Kurz danach mehrten sich Gerüchte, dass des Probleme in der "Neuen Heimat" gebe.
Ja, das stimmt, wir haben eine Anzeige bekommen und das Bauamt stand vor der Tür.
Wieso war das ein Problem?
Wir haben uns, bevor wir hier angefangen haben, mit dem Bezirksstadtrat Hans Pannhoff hingesetzt und ihm erzählt, was wir hier machen wollen. Unser Plan ist es, dass Gelände nach und nach zu erschließen und hier einen Kulturbetrieb zu bauen. Ein Bauantrag ist aber ein langer Prozess, das ist kein Parkticket, das ich mir holen kann. Es gibt viele Stufen, angefangen beim Brandschutz, über Statik etc. – was sehr viel kostet. Einige Teile des Geländes sind aktuell weit von einer offiziell genehmigten Versammlungsstätte entfernt, die wir natürlich werden wollen. Als das Bauamt im Dezember kam, haben wir eine riesige Mängelliste bekommen, die wir nun abarbeiten müssen, um den Bauantrag final genehmigt zu bekommen.

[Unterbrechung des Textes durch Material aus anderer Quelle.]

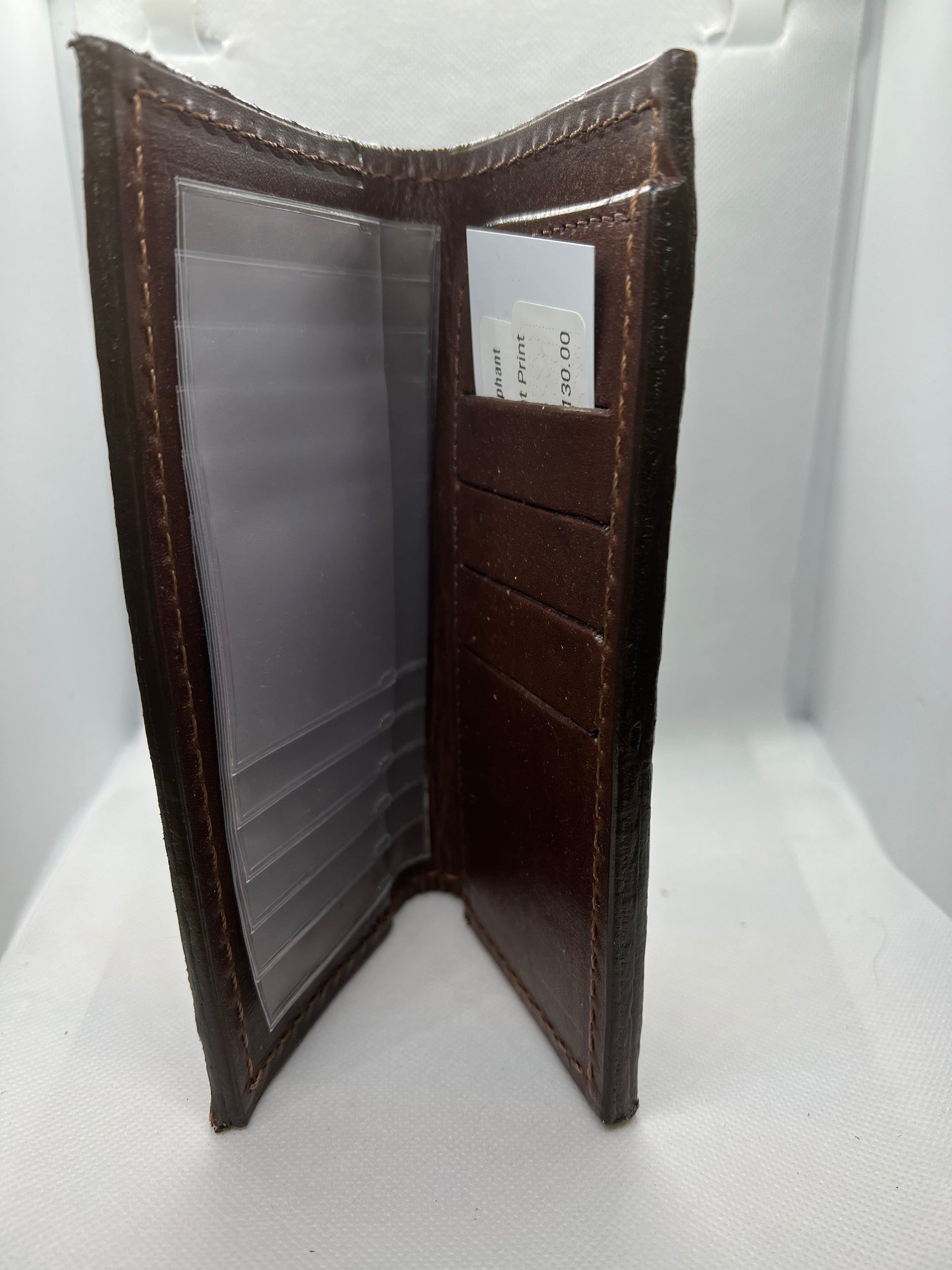 This checkbook wallet includes credit card holders, photo sleeves and checkbook slot.

Riesige Mängelliste? Das hört sich aber auch ein wenig gefährlich an.
Nein. Wir haben nie zugelassen, dass – wie man im Behördendeutsch sagt – Gefahr für Leib und Leben besteht. Das ist hier nie der Fall gewesen. Wir haben uns immer mit eigenem Architekten, Statiker, Brandschützer abgesichert. Dass das dann offiziell genehmigt ist, ist was anderes. Da liegen Monate und ein paar 100.000 Euro dazwischen.
Wer hat diese Anzeige gestellt?
Man kann bei jeder Anzeige Einsicht nehmen, von welcher Kanzlei die kommt. Wir hatten erst gedacht, dass es ein Nachbar war, aber es war definitiv ein anderer Clubbetreiber vom RAW-Gelände. Wir sind mit so einem großen Projekt natürlich auch sehr angreifbar. Wenn man so ein riesiges Gelände mit unterschiedlichen Mietern hat, ist die Frage, ob man gemeinschaftlich vorgehen will, ob man das gemeinsam entwickelt, oder ob da Jeder gegen Jeden ist. Wir sind ja sehr junge Nachbarn und wir haben schnell gemerkt, dass wir uns hier in ein extremes Spannungsfeld aus Eigentümern, Mietern, Politik und Medien gesetzt haben.

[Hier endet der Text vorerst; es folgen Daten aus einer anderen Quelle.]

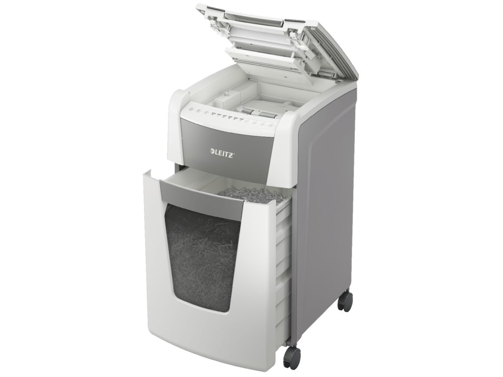 Plnoautomatická skartovačka na papier od firmy Leitz s jedinečnou čistou vyprázdňovacou funkciou. Je taká inteligentná, že potichu pracuje sama, len vložíte stoh papiera (vrátane kancelárskych sponiek a sponiek do zošívačky), zatvoríte veko a môžete ísť za svojou robotou. Ideálna na používanie v kanceláriách. Dôveryhodná a vysokovýkonná skartovačka s automatickým podávaním, s funkciou proti zaseknutiu papiera, tichá a s dlhou dobou prevádzky (60 minút). Automaticky skartuje 300 hárkov A4 na úrovni zabezpečenia P-4 (4 × 28 mm) s krížovým rezom do veľkého 60l koša. Jednoduché ovládanie pomocou dotykových prvkov.

Was ist das für ein Spannungsfeld?
Unserem Vermieter gehörte einmal das ganze Gelände zusammen mit isländischen Investoren. Die haben sich allerdings zerstritten und es ging vor Gericht. Für die Mieter war lange nicht klar, wer ihr Ansprechpartner ist, wohin sie ihre Miete überweisen sollen. Dann wurde entschieden, dass die Isländer den Ostteil des RAW-Geländes zustehen und unser Vermieter den Westteil hier bekommt. Nun haben die Isländer ihren Teil an eine Unternehmergruppe aus Göttingen namens Kurth für 20 Millionen verkauft. Hier geht es seit 1999 darum, was mit dem Gelände passiert. Durch Die Grünen konnte verhindert werden, dass hier Wohnraum entsteht, was die SPD wiederum will. Die Anwohner haben dafür gestimmt, dass das Gelände familienfreundlicher werden soll, was für unser Konzept spricht. Aber natürlich machen sich die anderen Betreiber Sorgen, was jetzt genau passieren wird.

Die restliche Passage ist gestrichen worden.